It’s a relatively new field that tries to combine behavioral psychology theory and economics and finance to explain why people make irrational financial decisions. If you are reading this, and an investor, you have likely used one of these concepts in making your investment decisions.
Concept 7. Overreaction and the Availability Bias
One of the biggest challenges with investing is controlling emotion. Emotion causes an investor to overreact to new information. Market efficiency states that new information is reflected in security’s price instantly. So good earnings should raise the price, and lack of bad news should allow the price to stay there.

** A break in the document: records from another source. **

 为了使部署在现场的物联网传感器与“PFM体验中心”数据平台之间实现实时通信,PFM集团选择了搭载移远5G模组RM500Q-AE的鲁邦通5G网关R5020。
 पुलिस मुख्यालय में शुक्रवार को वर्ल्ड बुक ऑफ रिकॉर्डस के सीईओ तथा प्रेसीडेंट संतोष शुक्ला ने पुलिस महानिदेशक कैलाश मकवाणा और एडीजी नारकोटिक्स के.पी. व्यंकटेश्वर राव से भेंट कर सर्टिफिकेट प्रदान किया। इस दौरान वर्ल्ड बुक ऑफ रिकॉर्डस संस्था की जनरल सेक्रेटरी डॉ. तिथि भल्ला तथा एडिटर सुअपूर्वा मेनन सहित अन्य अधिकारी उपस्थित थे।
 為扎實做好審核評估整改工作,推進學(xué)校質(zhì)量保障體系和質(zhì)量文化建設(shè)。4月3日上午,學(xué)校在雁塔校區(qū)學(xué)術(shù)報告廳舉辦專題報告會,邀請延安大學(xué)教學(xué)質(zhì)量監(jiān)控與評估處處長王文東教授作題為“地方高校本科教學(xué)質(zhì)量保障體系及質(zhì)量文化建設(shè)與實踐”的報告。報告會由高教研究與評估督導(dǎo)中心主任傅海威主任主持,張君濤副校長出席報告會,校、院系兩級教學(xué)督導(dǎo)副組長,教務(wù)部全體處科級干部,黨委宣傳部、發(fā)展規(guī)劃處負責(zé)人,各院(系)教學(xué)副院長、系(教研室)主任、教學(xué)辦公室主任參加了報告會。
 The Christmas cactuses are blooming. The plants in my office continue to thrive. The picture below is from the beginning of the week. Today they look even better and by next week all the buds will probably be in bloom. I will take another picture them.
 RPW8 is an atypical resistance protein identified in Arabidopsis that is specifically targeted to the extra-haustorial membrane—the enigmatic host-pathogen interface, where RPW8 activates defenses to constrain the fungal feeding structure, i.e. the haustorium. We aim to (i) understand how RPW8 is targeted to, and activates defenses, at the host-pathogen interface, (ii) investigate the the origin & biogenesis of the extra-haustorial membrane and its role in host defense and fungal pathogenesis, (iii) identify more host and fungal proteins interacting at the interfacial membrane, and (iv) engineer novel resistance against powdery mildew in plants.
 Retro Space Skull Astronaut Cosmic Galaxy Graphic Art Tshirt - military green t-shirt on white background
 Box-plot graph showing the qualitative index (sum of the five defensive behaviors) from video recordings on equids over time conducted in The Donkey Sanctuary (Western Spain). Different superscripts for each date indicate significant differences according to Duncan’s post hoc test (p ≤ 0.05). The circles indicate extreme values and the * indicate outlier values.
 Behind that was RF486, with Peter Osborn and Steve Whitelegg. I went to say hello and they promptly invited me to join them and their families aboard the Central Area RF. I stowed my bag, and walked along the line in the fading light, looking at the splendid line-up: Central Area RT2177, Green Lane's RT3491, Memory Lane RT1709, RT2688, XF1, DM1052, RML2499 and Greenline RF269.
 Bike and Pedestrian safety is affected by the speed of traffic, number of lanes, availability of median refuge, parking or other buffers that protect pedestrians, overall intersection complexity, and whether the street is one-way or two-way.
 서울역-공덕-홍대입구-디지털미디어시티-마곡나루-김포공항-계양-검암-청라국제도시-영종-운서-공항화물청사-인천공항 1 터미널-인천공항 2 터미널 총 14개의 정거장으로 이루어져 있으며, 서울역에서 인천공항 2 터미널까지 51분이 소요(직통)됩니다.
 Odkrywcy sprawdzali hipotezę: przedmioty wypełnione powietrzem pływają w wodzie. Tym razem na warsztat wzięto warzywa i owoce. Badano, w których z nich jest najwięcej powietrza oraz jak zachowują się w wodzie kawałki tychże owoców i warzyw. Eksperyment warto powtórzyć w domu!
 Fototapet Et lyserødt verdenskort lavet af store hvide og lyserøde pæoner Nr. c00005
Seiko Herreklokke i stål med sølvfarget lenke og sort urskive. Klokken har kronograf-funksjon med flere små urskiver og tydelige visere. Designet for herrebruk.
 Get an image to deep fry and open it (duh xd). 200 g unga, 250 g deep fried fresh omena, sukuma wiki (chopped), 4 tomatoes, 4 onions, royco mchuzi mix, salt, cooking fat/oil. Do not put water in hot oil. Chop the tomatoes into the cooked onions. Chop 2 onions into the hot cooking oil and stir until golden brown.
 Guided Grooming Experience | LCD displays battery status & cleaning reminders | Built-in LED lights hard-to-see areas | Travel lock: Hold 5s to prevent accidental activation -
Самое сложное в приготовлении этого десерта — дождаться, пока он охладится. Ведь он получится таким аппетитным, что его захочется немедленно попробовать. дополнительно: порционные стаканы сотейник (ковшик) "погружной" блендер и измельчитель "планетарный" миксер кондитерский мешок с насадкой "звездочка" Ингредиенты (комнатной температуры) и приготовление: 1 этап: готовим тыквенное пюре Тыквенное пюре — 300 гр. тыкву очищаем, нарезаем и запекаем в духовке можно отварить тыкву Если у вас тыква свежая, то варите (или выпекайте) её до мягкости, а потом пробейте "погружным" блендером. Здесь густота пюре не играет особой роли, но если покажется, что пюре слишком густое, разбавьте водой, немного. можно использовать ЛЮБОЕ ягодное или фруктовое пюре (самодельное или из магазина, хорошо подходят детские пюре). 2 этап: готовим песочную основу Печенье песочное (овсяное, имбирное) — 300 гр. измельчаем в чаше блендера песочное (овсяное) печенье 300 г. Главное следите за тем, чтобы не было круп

Unfortunately, that’s not how it works in reality. New information comes out, investors overreact to that information, and artificially move the price more than it should. In addition, this is only a temporary effect the price movement erodes over time.
The availability bias causes investors to place more importance on recent information, making any new opinion biased toward the latest news.
This happens in real life everyday. For example, you just purchased technology stock recently. Something you may have done many times. Then you happen to watch a reporter on TV explain how incredibly volatile technology stocks are right now (one persons opinion). Although technology stocks might be no more volatile than they have ever been, seeing the report causes you to overreact and sell.
How to Avoid Availability Bias
The best way to avoid getting sucked into the availability bias is by doing your homework. If you actually research your investments, you’ll better understand the relevance and importance of recent news. It will help you to be able to react better. Giving in to emotion, the latest headlines or gimmicks rarely works in investing. Avoid the noise.